Gene expression data for each dataset
Tumor mutational burden data for each dataset
Single-cell data (LuCA version 2022.05.10)

Run nextflow

# newer versions of nextflow are incompatible with the workflow. By setting this variable
# the correct version will be used automatically.
export NXF_VER=22.04.5

nextflow run main.nf --outdir data/results

Structure of this repository

analyses: Place for e.g. jupyter/rmarkdown notebooks, gropued by their respective (sub-)workflows.
containers: place for singularity image files. Not part of the git repo and gets created by the download command.
data: place for input data and results in different subfolders. Gets populated by the download commands and by running the workflows.
lib: custom libraries and helper functions
modules: nextflow DSL2.0 modules
subworkflows: nextflow subworkflows
tables: contains static content that should be under version control (e.g. manually created tables)

Output documentation

The analysis pipeline generates the following directory structure:

10_mofa
  11_easier
  12_prepare_mofa_data
  13_run_mofa
  14_mofa_analysis
  15_iHet_predictions
20_annotate_cell_types
  21_subset_atlas
  22_annotate_myeloid
  23_tf_pw
  29_overview_plots

In this section, we describe the directories and their contents in more detail.

11_easier

Results of the easier package to obtain cell-type fraction, pathway- and transcription factor estimates.
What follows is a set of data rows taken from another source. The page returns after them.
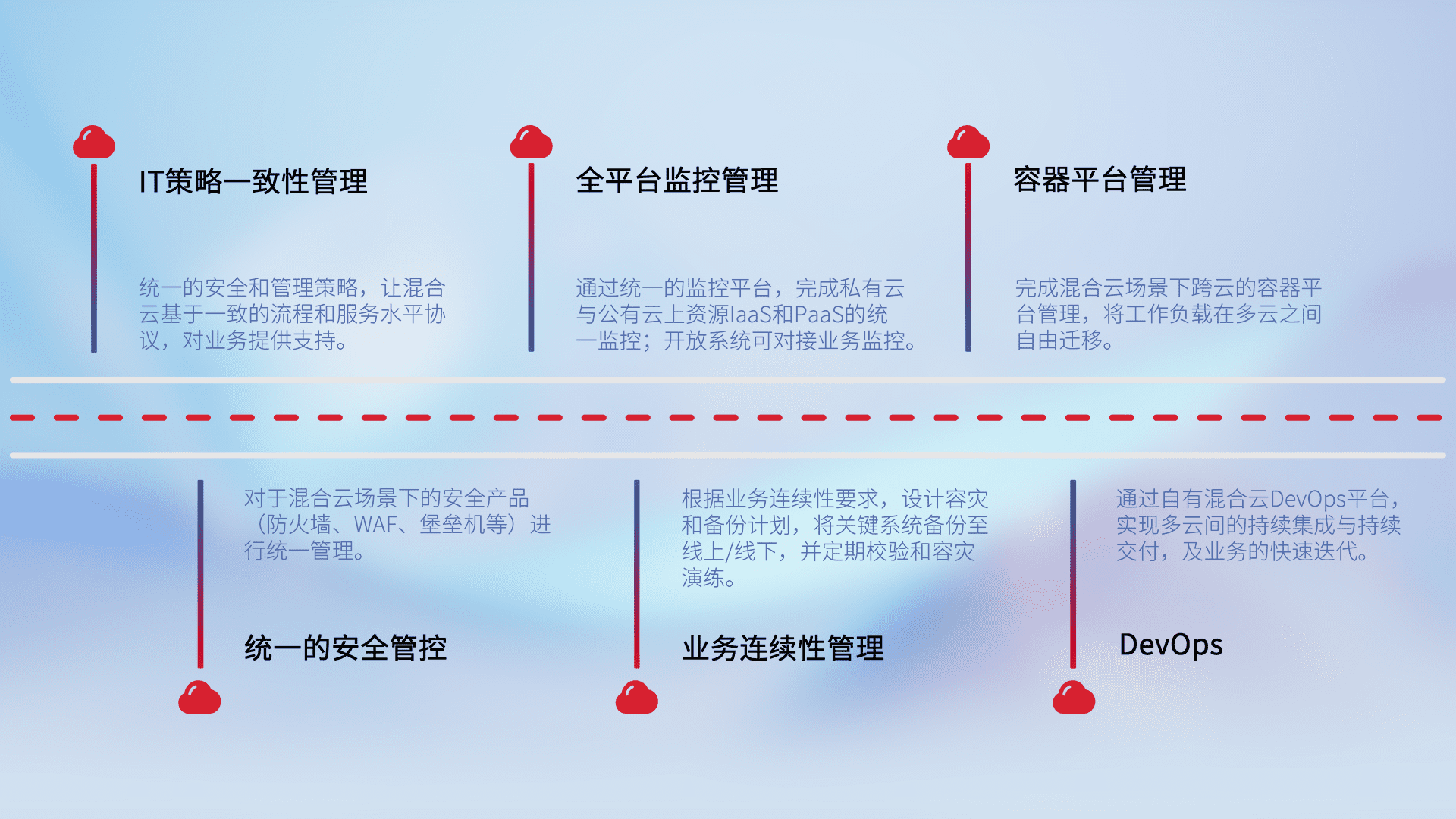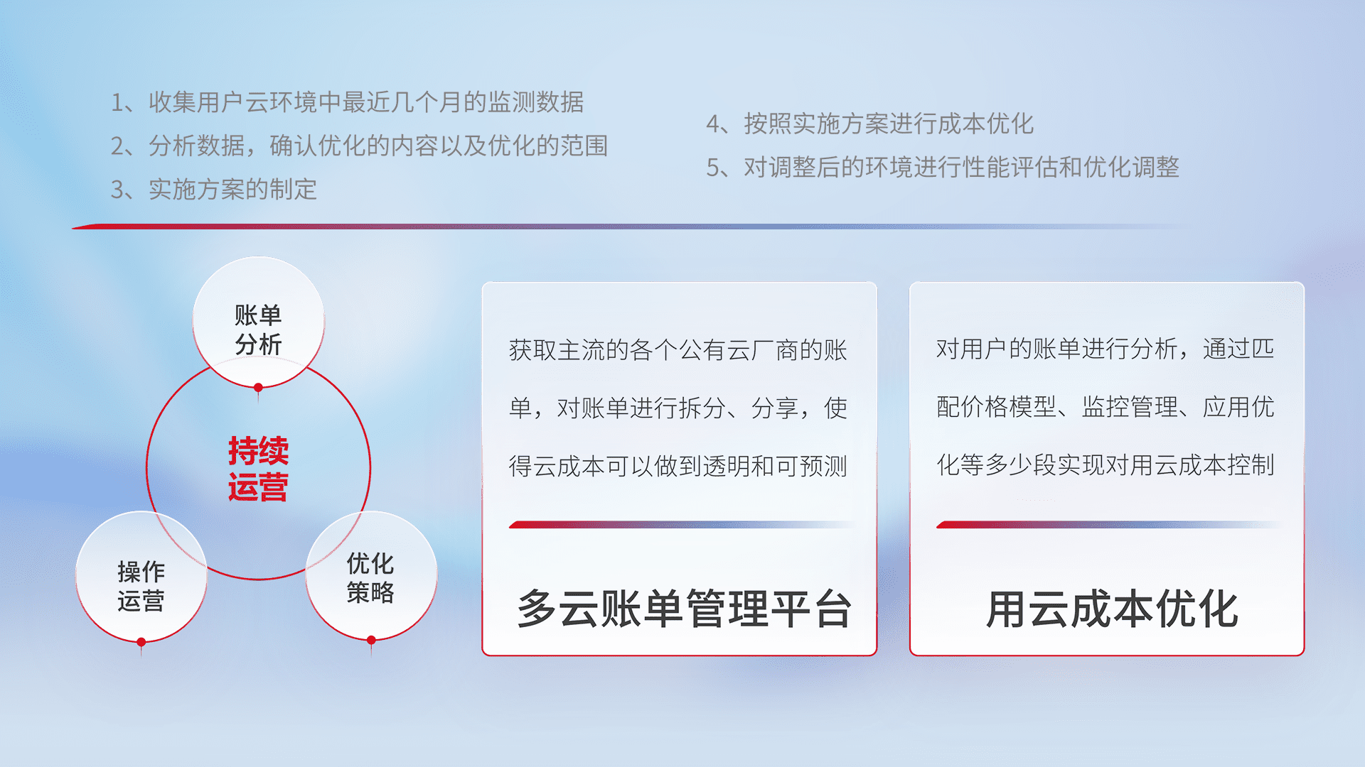 通过多云纳管,,,,以统一的资源数据模型把客户的云资源进行抽象和封装,,,,进而实现对多云资源的统一操作,,,,保障云资源管理的可靠性、、、、稳定性与可用性。。量身定制化运维内容,,,,配置、、、开发运维、、、、补丁管理、、备份、、、、监控、、、认证和访问管理、、、、审计和日常巡检等,,,保障在用云过程中的可靠度,,,,稳定度以及高可用率。。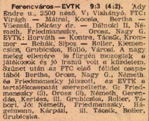 1959.VII.11. EVTK – Ferencváros 3:9 (edzőmérkőzés)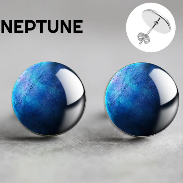 宇宙にあるネプチューン(海王星)をモチーフにしたカボションをスタッドピアスにセットしたオシャレなファッションピアス。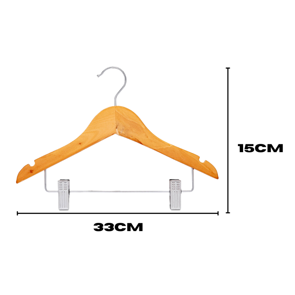 Kit 20 Cabide de Madeira Infantil c/ Presilhas Marfim Roupas Casacos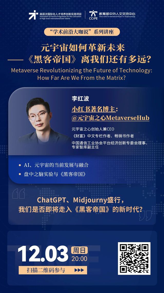 学术前沿大咖说 | 元宇宙如何革新未来——《黑客帝国》离我们还有多远?(12月3日20:00,主讲人:李红波)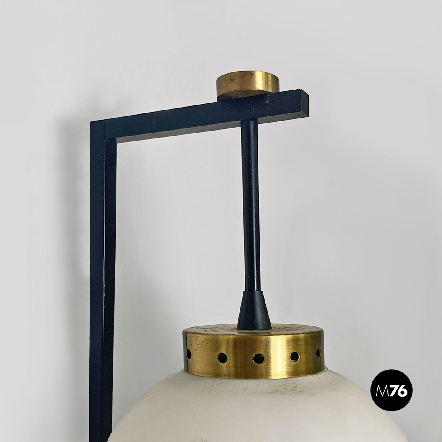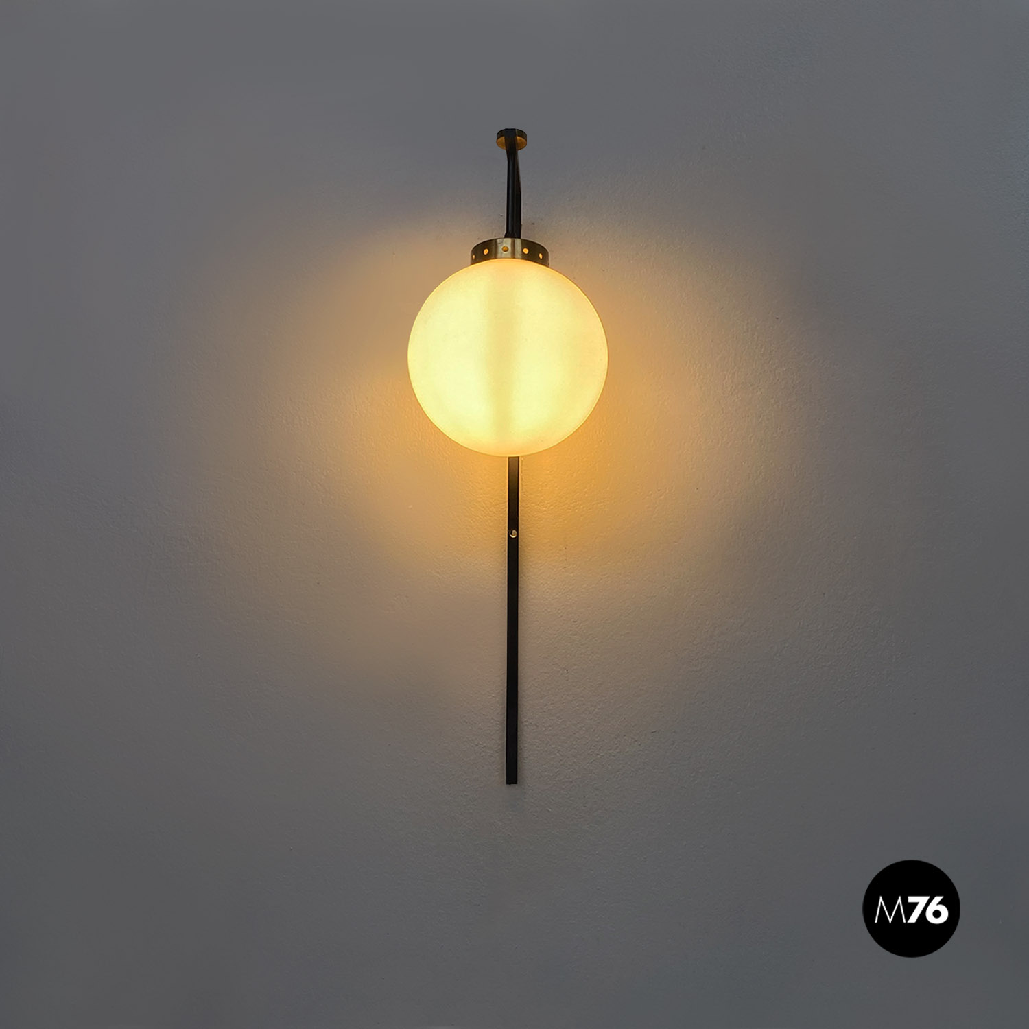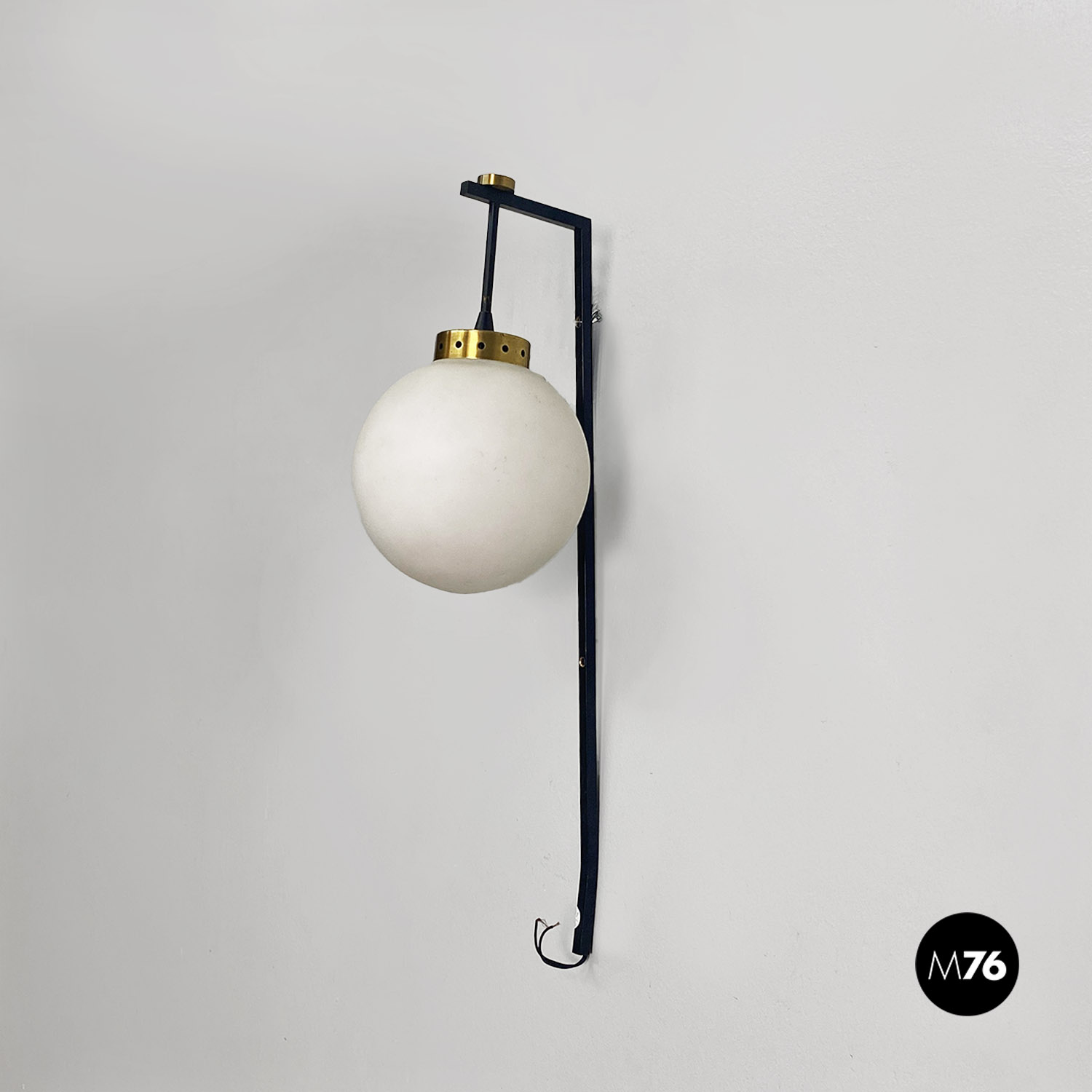 Applique in vetro opalino e metallo nero, 1950 ca.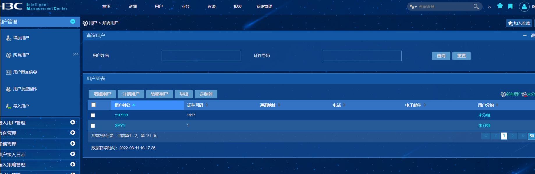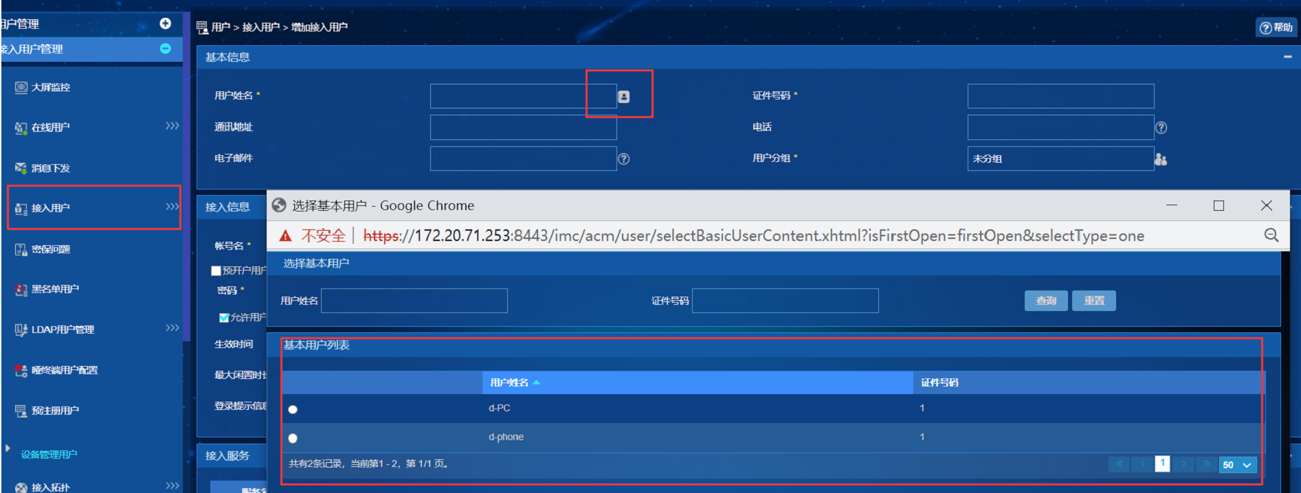 这个是两个模块,认证用户在接入用户里面添加,不要在用户管理里面添加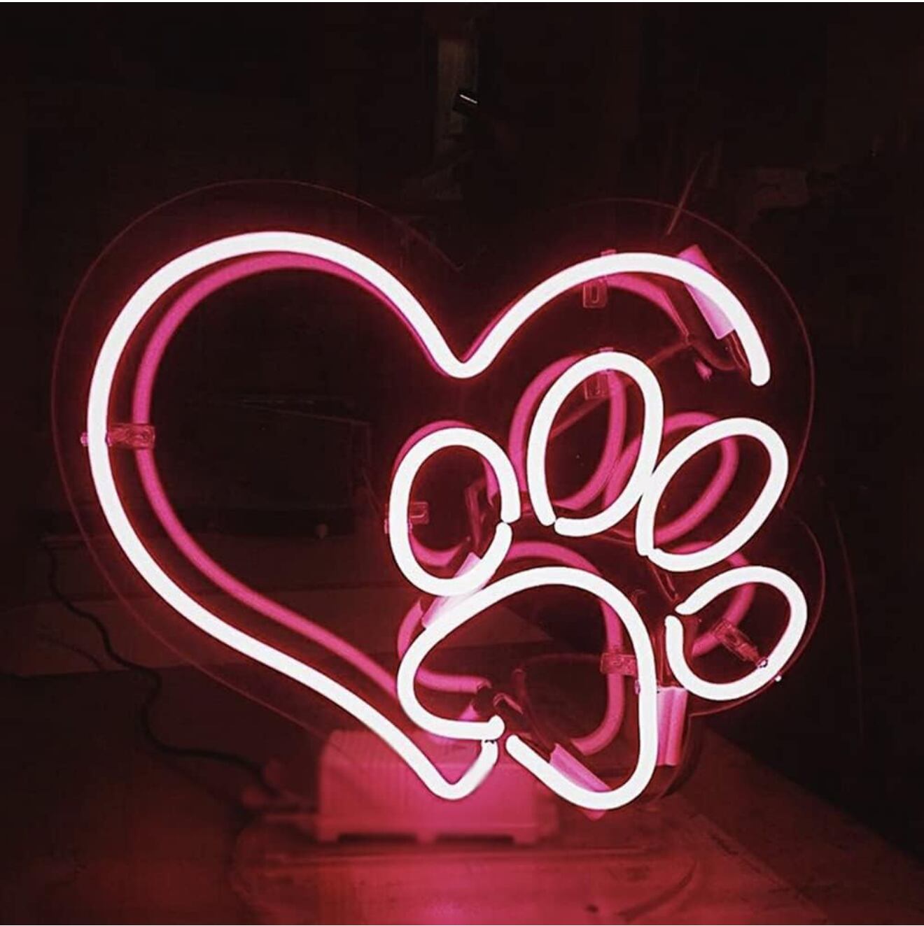オーダー 犬猫好き必見 ハート 肉球 ネオン管 ピンク インテリア オリジナルネオンサイン ネオンライト 犬猫グッズ ピンクライト LEDライト ハート 肉球 ペット用品 壁掛け インテリアライト ギフト 355×203mm | Oct.life_STYLE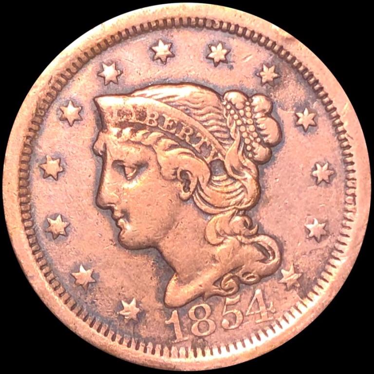 1854 Braided Hair Large Cent LIGHTLY CIRCULATED

Contains one .rds file per dataset group, which contains a list of lists of data frames. There is one data frame for each dataset and each modality. Contained modalities:

"count"    "tpm"      "response" "pathway"  "tf"       "cellfrac" "immresp"

12_prepare_mofa_data

Result of an Rmarkdown notebook preparing the input data into a format compatible with MOFA. Splits up the data into all individual dataset and creates bootstrap datasets for each dataset. A rendered version of the notebook is in the main directory, all generated files are in the artifacts directory:

data_all_tidy.rds: All modalities and datasets from 11_easier merged into a single, "tidy" data frame. Some features are renamed, some are removed and some are merged.
mofa_*.rds: The tidy data from above split up by dataset, with some additional scaling.
mofa_boot_*.rds: Same structure as mofa_*.rds, but with datasets resampled by bootstrapping. Each file represents a different boostrap.

13_run_mofa

Results of MOFA after applying it to the datasets generated in the previous step. Contains hdf5 datasets for each dataset holding the mofa models.

14_mofa_analysis

Results of an Rmarkdown notebook with the analysis of the MOFA results. A rendered version of the notebook is in the main directory, all generated files are in the artifacts directory:

median_factors.rds: Median factors across all boostraps for each dataset. Contains a list of dataframes (one for each dataset).
median_weights.rds: Median weights (for each feature) across all bootstraps for each dataset. Contains a list of data frames (one for each dataset)
*_factor_correlations{,_pvalues}.tsv: Pearson correlations between F1 and F1-F3 between the different datasets and the associated p-values.
plots/: Various plots

15_iHet_predictions

Results of an Rmarkdown notebook with the analysis of iHet predictions. A rendered version of the notebook is in the main directory, all generated files are in the artifacts directory:

*_bootstrap_iHet_scores.rds: Computed boostraped iHet scores for the four ICB-cohorts: 1. Non-small cell lung cancer (NSCLC, Jung cohort), 2. Melanoma (SKCM, combined Gide and Auslander), 3. Bladder urothelial carcinoma (BLCA, Mariathasan cohort) and 4. Stomach adenocarcinoma (STAD, Kim cohort).

21_subset_atlas

Subset the full LuCA atlas to only contain primary tumor samples from either LUAD or LUSC. Creates two h5ad files:

adata_m.h5ad: Subset of myeloid cell-types
adata_nsclc.h5ad: The full custom subset of the atlas.

22_annotate_myeloid

Re-annotate myeloid cell-types at a better resolution than LuCA. Generates updated h5ad files:

adata_nsclc_reannotated.h5ad
adata_myeloid_reannotated.h5ad

23_tf_pw

Execute Dorothea and Progeny on the single-cell data. Generates heatmaps and summary tables.

29_overview_plots

Generate single-cell related figures for the manuscript.

Contact

For reproducibility issues or any other requests regarding single-cell data analysis, please use the issue tracker. For anything else, you can reach out to the corresponding author(s) as indicated in the manuscript.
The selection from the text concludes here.